6- Quais os efeitos colaterais da vacina contra a poliomielite?

A maioria dos vacinados não apresenta efeitos colaterais, mas raramente pode ocorrer vermelhidão e inchaço no local da vacinação injetável.

7- A vacina tem contraindicações?

Segundo a Sociedade Brasileira de Imunizações, a VOP é contraindicada para gestante, pessoas que sofreram anafilaxia após o uso de componentes da vacina em especial os antibióticos neomicina, polimixina e estreptomicina; pessoas com doenças do sistema imunológico causadas por doenças ou medicamentos e pessoas que vivem com HIV. A VIP é contraindicada para pessoas com histórico de alergia grave (anafilaxia) à dose anterior da vacina ou a algum de seus componentes.

8- Como se contrai a poliomielite?

O vírus é transmitido de pessoa a pessoa por via fecal-oral ou, menos frequentemente, por um meio comum (água ou alimentos contaminados, por exemplo) e se multiplica no intestino.

9- Quais sintomas podem indicar um caso de poliomielite paralítica?

Deve-se suspeitar de poliomielite em crianças não vacinadas ou parcialmente vacinadas com sintomas semelhantes aos da gripe (febre, dores musculares, dores de cabeça, falta de apetite) e que parecem estar se recuperando, mas que tenham retorno dos sintomas em alguns dias. Pode ocorrer ainda diminuição da força nas pernas ou braços e dificuldade para andar.

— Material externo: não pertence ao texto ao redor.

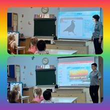 В рамках взаимопосещения ОД 16.11.2023 в первой младшей татарской группе № 1(4) прошло открытое занятие по художественно-эстетическому развитию-рисование в нетрадиционной технике "Пятнышки для жирафа". Малыши познакомились с жителем Африки- жирафом, который по пути к ребятам растерял все свои пятна. Ребята решили помочь гостю и нарисовать ему новые пятнышки. Воспитанники под руководством воспитателя Нуреевой Л. Х. освоили новую технику- примакивание губкой. Малыши работали увлеченно, с интересом и старанием, результатом чего явились новые пятнышки на жирафе. -
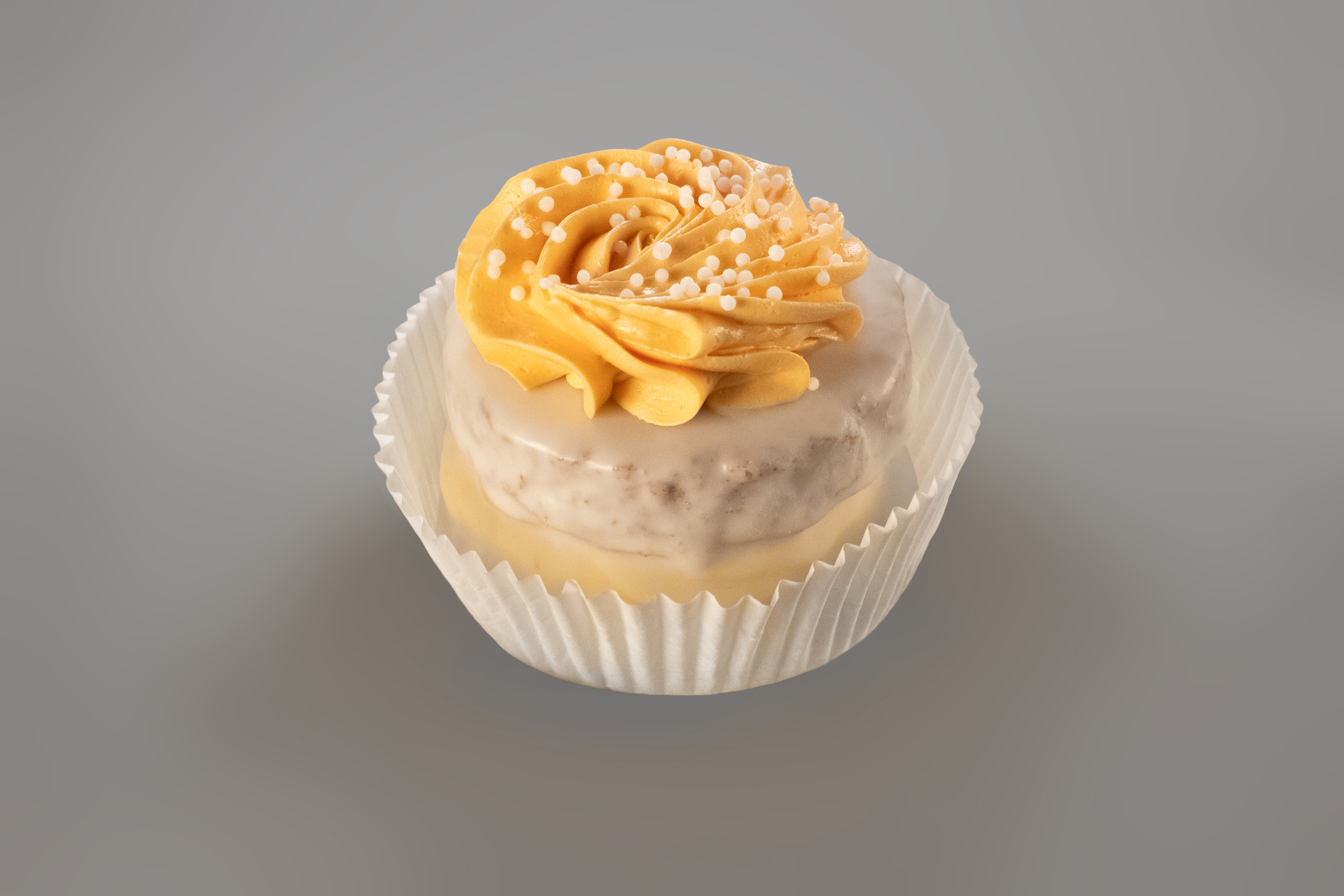 Schoko-Biskuitschichten mit Orangen-Butterkrem und Orangenfruchtfüllung zusammen gesetzt, und mit weißer Fettglasur überzogen. Die Blüte aus Butterkrem garnieren wir von Hand auf.

A diminuição da força progride rapidamente para a paralisia, geralmente desigual entre os membros afetados.

10- Como confirmar que se trata de poliomielite?

Uma amostra de fezes deve ser analisada em laboratório para avaliar a detecção ou não do poliovírus. A amostra deve ser coletada em até 14 dias a partir do início da paralisia.

Fontes: Instituto Butantan; Organização Mundial da Saúde; Organização Pan-Americana da Saúde; Ministério da Saúde; Calendário de Vacinação do Sistema Único de Saúde; Sociedade Brasileira de Imunizações.